Leveraging Angles in Fly Presentation.

Nymphing had been good that morning.  Enough takes and a few landed fish combined with being back on the South Platte River in surprisingly relative solitude made the sun seem a little warmer on my skin.  When the blue winged olives began lifting in clusters across the river, I was reminded of how picky the trout can be on the South Platte and began slipping slowly into soft head shaking head and a smile that was part frustration and part commitment to figure these fish out.

It was not the bug.  I could see the BWOs.  I had worked different sizes, parachutes, and emergers, all on light tippet.  More head shaking and smiling.  I was left with one humbling ingredient that I assessed was keeping me from hooking up.  Presentation. 

Of course, I felt I was presenting the best drag free flies I could muster, but the trout had shown they disagreed.  My best efforts and the “if I was a trout, I would eat that” mental attitude, while positive, was not fooling any fish.

Line on the Water.

Trout are picky.  Or they can be.  The pickier they are the more important presentation becomes.  Even when fish are rising everywhere, a picky trout can scoff your fly if you do not work to present it well.

This natural presentation is important with nymphs and dry flies, but with dry flies we see the fly on the surface.  The currents in between your rod tip and the fly expose the drag in your line floating on the water.
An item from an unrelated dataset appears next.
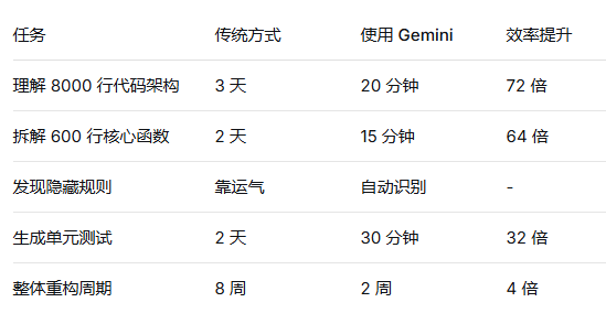 八年的“屎山”代码,曾经是团队无人敢碰的禁区。而 Gemini 3 Pro 让我在两周内完成了从理解到重构的全过程,避免了两个月的手工苦力。
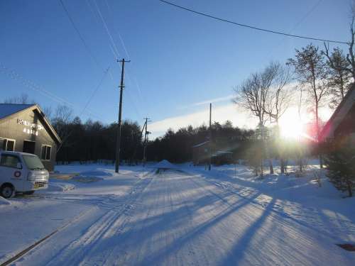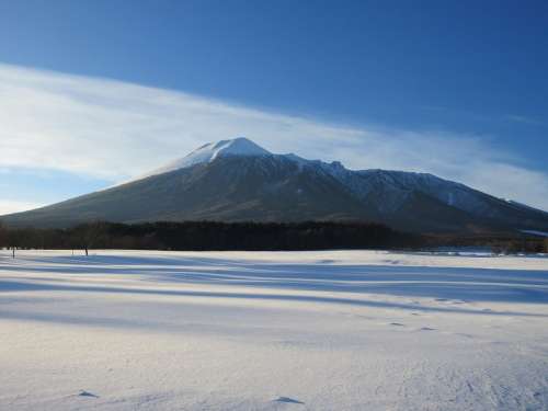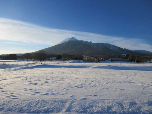 ■巖手山と牧草地(分譲地より約1km〜約2.1km) 積雪時朝日が昇ると、雪面が一面金色に染まります

READ: WADEOUTTHERE | Four Tips for Hooking Up When the Hatch is On.

One of the easiest ways to deal with this problem is by reducing the number of different currents that need to be handled.  By wading further out, you can keep more line off the water which almost always means less problems with line management and more natural drifts.  Keeping your rod tip high and using the reach of that nine foot rod also helps.

READ: WADEOUTTHERE | Trouble Mending? Wadeoutthere.

Why Use Angles?

The current is a beautiful thing.  It is never the same and like our brains on the river when we are in that place where everything funnels down to our time with the water and the fish and the rod in hand, it is always moving. 

Fishing across the current is when we bear the largest brunt in the battle for natural drifts.  The bigger and more numerous the currents and seams we cross with our line, the more complex the job of managing a natural drift becomes.  Angles let us cast more with the current instead of across it.  While it does not completely eliminate line management requirements, it can make it easier.

The Direct Method.

The most extreme angle is casting straight upstream or straight downstream.  This can work to catch fish although it has its unique disadvantages too. 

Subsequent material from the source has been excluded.